To use agent state or an agent’s @role / @model from a handler, route the request into a live agent:

Http.serve(8080, (request) => {
  Agent.send(Triage, request, event: "http_request")
  { status: 202, body: "accepted" }
})

The matching on http_request(req) { ... } handler on Triage runs with self., @role, @rules, and @model all wired up.

Db

Db.connect opens a SQLite database and returns a DbConnection value. All SQL is executed through that value. Requires @tools [Db].

db = Db.connect("sqlite://interactions.db")

rows = db.query(
  "SELECT * FROM interactions WHERE contact = ? AND created_at > ?",
  [email.from, 30.days.ago]
)
# rows: list[map[str, dynamic]]

db.exec("UPDATE status SET seen = true WHERE id = ?", [ticket.id])
# returns int — number of rows affected

v0.1 scope. SQLite only (sqlite://path, sqlite:///abs/path, sqlite://:memory:). Postgres and MySQL support are planned for v0.2.

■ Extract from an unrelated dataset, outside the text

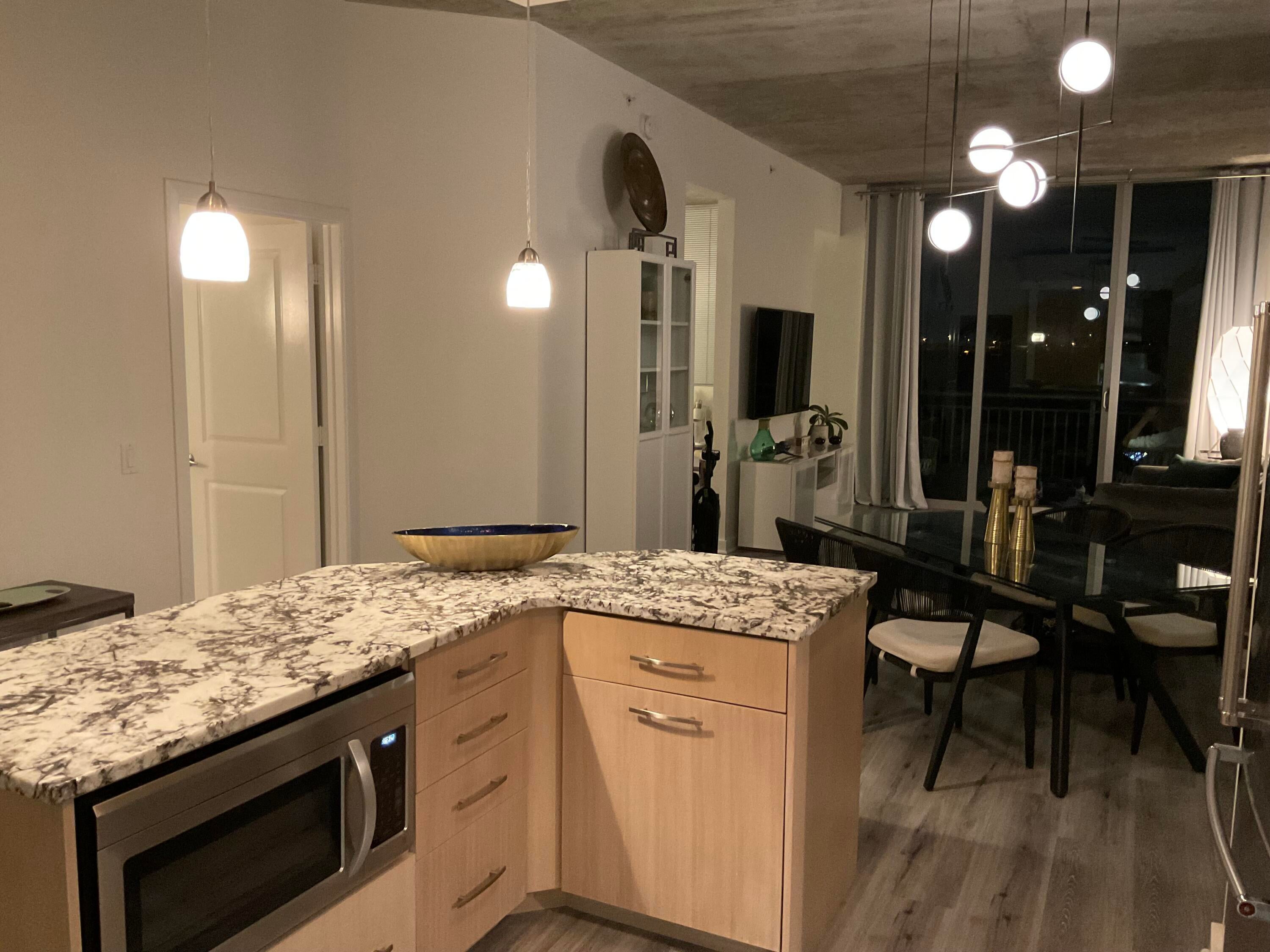 Seasonal or Annual - Turn-Key and Move-in ready, beautifully renovated condo. Fully furnished throughout, with new kitchen appliances, improved kitchen storage with prep, cooking and serving tools, and service for 6 available to you. The new bath has double vanity with storage plus a linen closet. MBDRM is updated with closet systems and storage, linens, plus a new mattress. While the community does not provide cable, WiFi is in place and the property has a 65'' Smart TV, and electric to $125/MO is included. Balcony overlooks Clear Lake and western horizon.The Edge offers rooftop pool deck with BBQ, clubhouse, exercise facility, meditation room, business center, assigned garage parking, package closet for receipt of deliveries, 24/7 security and manned lobby. Enjoy The Palm Beaches and easy transit options - The Circuit for close trips; PBI, Tri-Rail, and Brightline for travel to Orlando, FLL and MIA

Swapping the backend Coming soon

The planned interface flow for custom transports is:

# In your startup
Email.install(MyProprietaryEmailTransport)
Http.install(MyRateLimitedClient)

Status: Email.install / Http.install are reserved but not registered in v0.1 — the default transports are the only ones wired.

See The Prelude & Interfaces for how interface dispatch works.

Why a library, not connect + fetch keywords

Dedicated connect X via Y { ... } or fetch X where Y grammar wouldn’t compose well: connect is really a struct literal, and fetch generalizes badly across connection types (email’s unread is not SQL’s where). Per-connector libraries give better autocomplete, clearer types, and zero language changes when a new connector ships.